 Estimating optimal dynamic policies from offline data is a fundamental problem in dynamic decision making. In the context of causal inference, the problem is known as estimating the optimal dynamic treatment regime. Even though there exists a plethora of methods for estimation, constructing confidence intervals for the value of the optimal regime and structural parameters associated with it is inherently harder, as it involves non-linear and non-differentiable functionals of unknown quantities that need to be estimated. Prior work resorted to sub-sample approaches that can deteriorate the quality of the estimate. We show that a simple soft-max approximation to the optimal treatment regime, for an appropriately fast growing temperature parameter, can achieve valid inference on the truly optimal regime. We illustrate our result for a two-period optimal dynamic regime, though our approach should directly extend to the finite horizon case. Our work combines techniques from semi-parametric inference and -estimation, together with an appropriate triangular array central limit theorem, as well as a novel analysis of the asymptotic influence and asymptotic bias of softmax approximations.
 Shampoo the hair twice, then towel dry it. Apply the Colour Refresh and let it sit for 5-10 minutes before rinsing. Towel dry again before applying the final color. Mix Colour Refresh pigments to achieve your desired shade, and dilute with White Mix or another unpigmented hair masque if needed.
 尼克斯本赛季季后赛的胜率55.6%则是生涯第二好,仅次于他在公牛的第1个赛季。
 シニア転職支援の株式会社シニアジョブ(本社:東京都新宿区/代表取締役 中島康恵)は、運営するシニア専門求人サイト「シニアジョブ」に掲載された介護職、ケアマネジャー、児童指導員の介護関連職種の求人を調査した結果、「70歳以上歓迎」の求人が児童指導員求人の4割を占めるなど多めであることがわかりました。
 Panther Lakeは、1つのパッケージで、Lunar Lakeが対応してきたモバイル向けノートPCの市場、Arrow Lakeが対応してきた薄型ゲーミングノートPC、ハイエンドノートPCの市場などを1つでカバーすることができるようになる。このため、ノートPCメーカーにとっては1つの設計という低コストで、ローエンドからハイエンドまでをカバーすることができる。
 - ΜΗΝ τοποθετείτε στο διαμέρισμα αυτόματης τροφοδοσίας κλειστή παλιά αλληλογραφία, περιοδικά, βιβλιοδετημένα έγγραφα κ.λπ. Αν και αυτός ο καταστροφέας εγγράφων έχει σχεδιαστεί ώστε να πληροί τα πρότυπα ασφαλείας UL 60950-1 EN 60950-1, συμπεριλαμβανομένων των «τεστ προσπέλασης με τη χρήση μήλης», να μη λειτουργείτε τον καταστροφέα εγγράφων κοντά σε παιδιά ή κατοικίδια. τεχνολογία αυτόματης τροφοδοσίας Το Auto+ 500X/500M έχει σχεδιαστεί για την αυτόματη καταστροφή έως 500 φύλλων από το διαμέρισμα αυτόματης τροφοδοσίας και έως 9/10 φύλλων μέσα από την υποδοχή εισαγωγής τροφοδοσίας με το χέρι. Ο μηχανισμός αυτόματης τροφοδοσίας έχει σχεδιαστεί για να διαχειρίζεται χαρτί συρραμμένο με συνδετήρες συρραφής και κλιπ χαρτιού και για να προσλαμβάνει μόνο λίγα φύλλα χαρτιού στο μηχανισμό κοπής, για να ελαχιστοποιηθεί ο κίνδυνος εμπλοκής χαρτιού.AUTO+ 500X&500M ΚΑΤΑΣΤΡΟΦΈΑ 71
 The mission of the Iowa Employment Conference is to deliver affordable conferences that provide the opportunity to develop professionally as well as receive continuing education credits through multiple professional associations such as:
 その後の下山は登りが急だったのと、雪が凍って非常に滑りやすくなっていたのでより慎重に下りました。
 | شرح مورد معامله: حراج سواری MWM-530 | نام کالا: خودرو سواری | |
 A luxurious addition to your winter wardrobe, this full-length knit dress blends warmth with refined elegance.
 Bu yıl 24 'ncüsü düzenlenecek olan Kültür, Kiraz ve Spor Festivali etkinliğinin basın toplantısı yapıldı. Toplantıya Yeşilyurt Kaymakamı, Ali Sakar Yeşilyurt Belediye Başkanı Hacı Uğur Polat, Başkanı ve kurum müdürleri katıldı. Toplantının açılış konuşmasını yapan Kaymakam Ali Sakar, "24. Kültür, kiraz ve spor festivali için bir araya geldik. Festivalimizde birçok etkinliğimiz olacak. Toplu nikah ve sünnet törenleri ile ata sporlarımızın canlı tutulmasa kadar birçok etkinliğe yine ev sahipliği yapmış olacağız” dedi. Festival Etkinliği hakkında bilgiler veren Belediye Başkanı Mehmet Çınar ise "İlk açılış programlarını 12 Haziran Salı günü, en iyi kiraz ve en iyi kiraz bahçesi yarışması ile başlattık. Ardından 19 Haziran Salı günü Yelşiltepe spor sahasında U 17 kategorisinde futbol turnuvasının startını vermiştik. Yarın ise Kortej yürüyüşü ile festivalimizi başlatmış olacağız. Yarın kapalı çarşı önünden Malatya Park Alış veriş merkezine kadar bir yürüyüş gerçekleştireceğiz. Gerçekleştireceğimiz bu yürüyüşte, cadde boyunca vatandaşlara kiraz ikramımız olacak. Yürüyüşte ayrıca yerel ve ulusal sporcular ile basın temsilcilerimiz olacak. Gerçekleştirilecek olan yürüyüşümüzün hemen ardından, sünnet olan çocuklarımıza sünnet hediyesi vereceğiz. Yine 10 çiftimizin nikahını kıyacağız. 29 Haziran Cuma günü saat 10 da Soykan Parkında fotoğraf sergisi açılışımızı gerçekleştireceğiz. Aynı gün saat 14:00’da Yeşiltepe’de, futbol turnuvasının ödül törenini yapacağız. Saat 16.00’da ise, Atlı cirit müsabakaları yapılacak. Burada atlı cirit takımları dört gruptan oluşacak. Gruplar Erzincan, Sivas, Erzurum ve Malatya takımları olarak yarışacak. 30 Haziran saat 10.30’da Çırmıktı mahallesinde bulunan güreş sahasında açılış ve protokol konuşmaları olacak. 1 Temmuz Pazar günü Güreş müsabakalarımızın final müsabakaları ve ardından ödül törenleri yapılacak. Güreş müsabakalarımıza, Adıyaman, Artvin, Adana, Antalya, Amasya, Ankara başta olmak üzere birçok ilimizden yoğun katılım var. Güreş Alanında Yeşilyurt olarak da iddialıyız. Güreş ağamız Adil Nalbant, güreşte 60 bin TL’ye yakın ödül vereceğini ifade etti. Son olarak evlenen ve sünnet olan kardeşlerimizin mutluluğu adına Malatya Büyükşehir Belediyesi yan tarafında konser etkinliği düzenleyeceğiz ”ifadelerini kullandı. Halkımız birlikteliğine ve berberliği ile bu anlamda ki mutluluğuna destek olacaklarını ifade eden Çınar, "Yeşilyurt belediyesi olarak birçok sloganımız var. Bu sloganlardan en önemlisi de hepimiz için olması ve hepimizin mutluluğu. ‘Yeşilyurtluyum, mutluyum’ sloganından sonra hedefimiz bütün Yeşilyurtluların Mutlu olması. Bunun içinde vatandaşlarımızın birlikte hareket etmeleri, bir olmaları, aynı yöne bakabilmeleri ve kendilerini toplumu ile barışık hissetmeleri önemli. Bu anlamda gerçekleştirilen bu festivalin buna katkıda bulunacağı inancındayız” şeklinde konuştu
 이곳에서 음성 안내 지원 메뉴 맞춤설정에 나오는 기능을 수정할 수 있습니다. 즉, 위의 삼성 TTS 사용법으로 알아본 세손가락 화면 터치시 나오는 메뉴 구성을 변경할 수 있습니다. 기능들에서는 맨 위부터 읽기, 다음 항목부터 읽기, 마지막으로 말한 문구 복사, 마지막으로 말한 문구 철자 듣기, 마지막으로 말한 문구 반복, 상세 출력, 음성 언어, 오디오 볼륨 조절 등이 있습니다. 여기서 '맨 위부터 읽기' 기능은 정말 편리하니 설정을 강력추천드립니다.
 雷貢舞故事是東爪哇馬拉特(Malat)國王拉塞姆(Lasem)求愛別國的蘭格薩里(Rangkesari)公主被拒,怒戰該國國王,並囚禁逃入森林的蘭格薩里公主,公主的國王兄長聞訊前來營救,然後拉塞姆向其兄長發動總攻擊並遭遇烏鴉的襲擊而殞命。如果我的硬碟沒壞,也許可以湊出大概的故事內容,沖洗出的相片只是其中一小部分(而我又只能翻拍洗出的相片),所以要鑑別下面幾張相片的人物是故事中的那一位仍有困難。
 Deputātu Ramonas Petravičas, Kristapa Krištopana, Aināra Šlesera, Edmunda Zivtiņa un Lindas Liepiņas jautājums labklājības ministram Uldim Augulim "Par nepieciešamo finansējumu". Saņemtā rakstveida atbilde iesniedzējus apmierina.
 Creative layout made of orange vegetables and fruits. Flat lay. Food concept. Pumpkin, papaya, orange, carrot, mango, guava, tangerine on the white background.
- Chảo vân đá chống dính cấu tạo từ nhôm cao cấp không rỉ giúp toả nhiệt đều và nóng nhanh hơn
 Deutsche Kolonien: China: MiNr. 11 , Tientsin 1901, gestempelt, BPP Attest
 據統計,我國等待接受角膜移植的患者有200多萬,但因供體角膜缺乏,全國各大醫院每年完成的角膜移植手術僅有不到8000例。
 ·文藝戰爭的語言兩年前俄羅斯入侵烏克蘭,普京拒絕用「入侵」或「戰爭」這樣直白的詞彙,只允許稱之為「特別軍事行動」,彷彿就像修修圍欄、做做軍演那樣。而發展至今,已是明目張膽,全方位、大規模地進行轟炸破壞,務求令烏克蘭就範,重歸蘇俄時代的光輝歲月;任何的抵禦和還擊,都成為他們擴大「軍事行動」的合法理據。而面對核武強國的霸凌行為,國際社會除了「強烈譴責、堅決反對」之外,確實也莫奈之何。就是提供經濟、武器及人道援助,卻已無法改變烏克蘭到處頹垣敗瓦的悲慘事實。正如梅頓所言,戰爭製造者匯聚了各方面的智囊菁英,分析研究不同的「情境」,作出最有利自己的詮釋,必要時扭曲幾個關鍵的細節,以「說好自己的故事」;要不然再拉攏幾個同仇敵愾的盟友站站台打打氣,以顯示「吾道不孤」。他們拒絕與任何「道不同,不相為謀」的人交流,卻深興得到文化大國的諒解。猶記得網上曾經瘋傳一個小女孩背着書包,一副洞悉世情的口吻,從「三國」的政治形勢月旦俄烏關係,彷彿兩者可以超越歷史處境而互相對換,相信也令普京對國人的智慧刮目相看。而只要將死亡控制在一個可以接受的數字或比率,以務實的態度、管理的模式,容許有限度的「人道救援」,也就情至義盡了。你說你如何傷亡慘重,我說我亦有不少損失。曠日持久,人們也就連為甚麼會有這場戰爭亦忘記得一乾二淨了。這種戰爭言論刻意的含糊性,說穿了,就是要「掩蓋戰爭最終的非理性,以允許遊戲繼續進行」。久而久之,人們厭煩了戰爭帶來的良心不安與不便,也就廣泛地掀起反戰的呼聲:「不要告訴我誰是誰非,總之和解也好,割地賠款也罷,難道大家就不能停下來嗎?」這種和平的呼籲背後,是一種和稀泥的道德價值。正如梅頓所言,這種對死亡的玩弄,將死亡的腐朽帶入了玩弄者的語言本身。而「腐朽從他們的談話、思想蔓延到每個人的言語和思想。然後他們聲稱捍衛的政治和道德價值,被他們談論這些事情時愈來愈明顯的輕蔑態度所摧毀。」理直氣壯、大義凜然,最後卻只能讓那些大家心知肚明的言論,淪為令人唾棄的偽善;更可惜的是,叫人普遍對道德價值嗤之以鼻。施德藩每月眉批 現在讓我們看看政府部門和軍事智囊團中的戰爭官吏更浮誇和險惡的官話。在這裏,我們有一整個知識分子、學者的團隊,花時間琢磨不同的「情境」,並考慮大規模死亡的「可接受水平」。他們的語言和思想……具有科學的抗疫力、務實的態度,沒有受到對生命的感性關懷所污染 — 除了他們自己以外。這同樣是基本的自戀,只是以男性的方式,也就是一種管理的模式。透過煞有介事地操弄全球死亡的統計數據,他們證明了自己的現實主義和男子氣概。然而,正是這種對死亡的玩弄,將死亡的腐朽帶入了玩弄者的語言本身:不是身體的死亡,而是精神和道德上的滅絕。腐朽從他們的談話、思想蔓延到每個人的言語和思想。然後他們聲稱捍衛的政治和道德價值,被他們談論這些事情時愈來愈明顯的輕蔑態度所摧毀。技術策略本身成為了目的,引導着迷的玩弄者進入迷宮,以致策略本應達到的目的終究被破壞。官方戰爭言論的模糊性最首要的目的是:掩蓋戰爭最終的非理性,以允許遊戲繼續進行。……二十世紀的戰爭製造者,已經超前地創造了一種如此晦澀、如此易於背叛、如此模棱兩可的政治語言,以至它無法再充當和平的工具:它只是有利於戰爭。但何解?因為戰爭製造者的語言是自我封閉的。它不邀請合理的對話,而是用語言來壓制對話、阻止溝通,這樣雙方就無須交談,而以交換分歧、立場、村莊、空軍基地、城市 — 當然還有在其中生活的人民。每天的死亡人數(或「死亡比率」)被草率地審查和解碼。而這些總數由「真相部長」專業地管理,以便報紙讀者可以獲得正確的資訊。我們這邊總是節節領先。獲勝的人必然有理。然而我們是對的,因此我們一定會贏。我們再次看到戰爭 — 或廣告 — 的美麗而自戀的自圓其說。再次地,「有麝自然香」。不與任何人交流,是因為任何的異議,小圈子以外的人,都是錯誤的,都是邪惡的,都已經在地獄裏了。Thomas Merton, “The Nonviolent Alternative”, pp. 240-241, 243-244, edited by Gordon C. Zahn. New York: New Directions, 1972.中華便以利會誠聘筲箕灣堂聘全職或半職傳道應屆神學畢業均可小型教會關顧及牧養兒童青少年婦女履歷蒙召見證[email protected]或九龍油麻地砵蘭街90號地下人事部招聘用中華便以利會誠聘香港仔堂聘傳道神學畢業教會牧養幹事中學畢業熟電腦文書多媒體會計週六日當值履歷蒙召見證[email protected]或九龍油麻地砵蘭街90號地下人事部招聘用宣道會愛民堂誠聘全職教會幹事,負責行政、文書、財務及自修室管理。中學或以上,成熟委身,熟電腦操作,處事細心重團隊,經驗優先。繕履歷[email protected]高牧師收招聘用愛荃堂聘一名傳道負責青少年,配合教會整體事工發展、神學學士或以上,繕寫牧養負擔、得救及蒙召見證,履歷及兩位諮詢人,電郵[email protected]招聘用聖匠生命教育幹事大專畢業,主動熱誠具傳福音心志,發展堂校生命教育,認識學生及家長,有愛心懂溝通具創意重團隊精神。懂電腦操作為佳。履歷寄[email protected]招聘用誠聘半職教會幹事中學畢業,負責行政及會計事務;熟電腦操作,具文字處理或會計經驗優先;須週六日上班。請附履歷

◇ ◇ ◇

**Exercise aim**
What do the lines above say from the one containing "خودرو سواری | |" down to the one containing "A luxurious addition"? Return them exactly, both end lines included, and only them.

**Result for this exercise**
 | شرح مورد معامله: حراج سواری MWM-530 | نام کالا: خودرو سواری | |
 A luxurious addition to your winter wardrobe, this full-length knit dress blends warmth with refined elegance.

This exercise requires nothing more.